On Margaret Thatcher's legacy

"All that sprang out of Thatcherism were the spivs, extreme financialisation, the triumph of the shopping mall over the corner store, the fetishisation of housing and… Tony Blair."

Before the financial crash, Greeks thought the party would never end

"The average Greek had convinced herself that Greece was superb. Uber alles. A cut above the rest. That we had made it into Europe's hard core but that we were even better than the austere Germans, the snobbish French, the bubbly Italians, the stiff-upper-lip Brits. Due to our exceptional 'cunning', Greece was managing to combine fun, sun, xenychti (late nights) and the highest GDP growth in Europe."

And after the crash?

"Self-immolation followed self-congratulation, but left self-importance in the driving seat."

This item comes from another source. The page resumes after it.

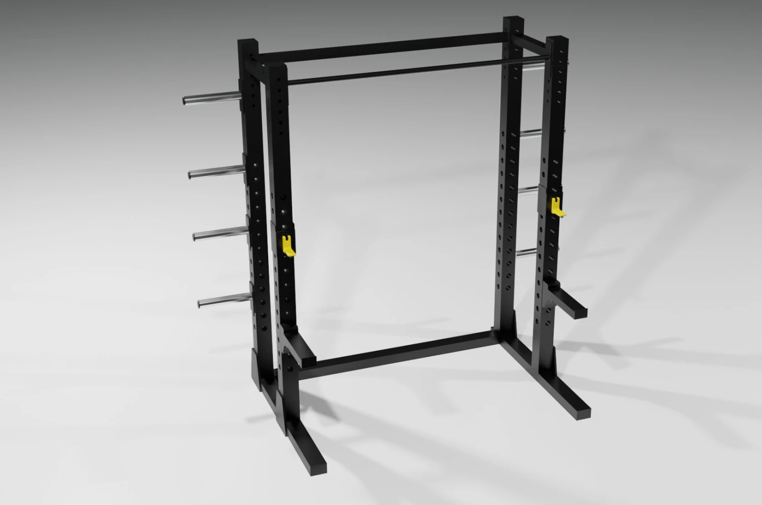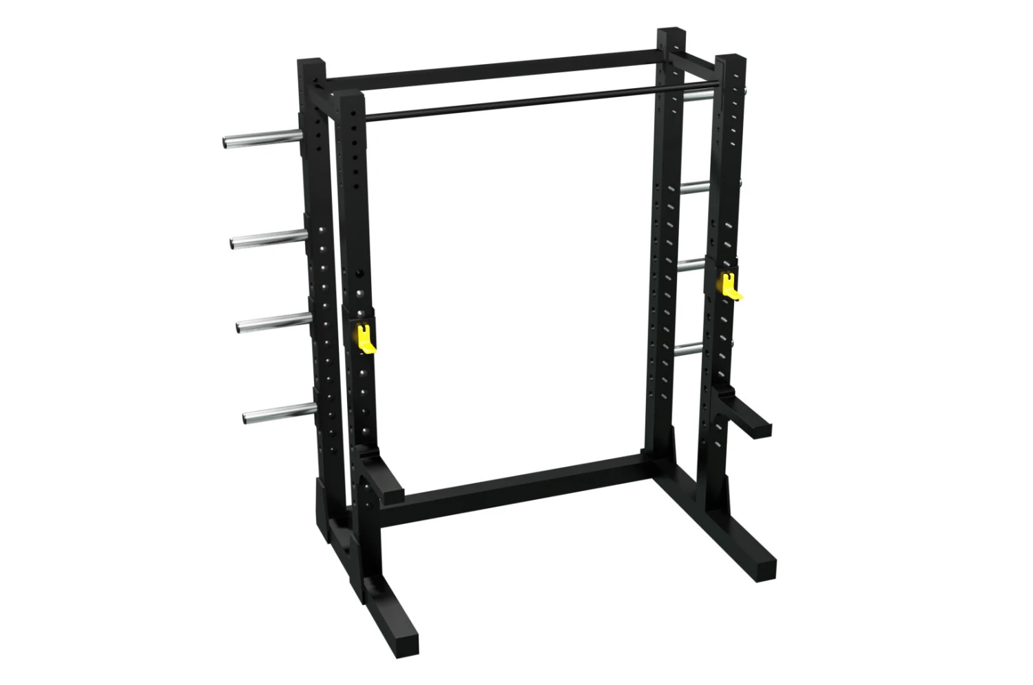 Equipé de barres de rangement pour poids (weight horn), et des bras pour reposer la barre (spotter arms).

He loves the BBC - well, most of the time

"As a fan of the BBC, I must say I was appalled by the depths of inaccuracy in the reporting underpinning this interview (not to mention the presenter's considerable rudeness). Still, and despite the cold wind on that balcony, it was fun!"

The meeting with Eurogroup head Jeroen Dijsselbloem was reportedly tense

On worries about his elevation from university professor to politician

"I know that I run the risk of, surreptitiously... indulging a feeling of having become 'agreeable' to the circles of 'polite society'. The sense of self-satisfaction from being feted by the high and mighty did begin, on occasion, to creep up on me. And what a non-radical, ugly, corruptive and corrosive sense it was!"

And when did he first notice that "corruptive" influence?

"My personal nadir came at an airport. Some moneyed outfit had invited me to give a keynote on the European crisis and had forked out the ludicrous sum necessary to buy me a first class ticket. On my way back home, tired and already with several flights under my belt, I was making my way past the long queue of economy passengers, to get to my gate. Suddenly I noticed, with considerable horror, how easy it was for my mind to be infected with the sense that I was 'entitled' to bypass the hoi polloi. I realised how readily I could forget that which my left-wing mind had always known: that nothing succeeds in reproducing itself better than a false sense of entitlement."

On calls that he must now stop writing his widely-followed blog


"Naturally, my blog posts will become more infrequent and shorter. But I do hope they compensate with juicier views, comments and insights."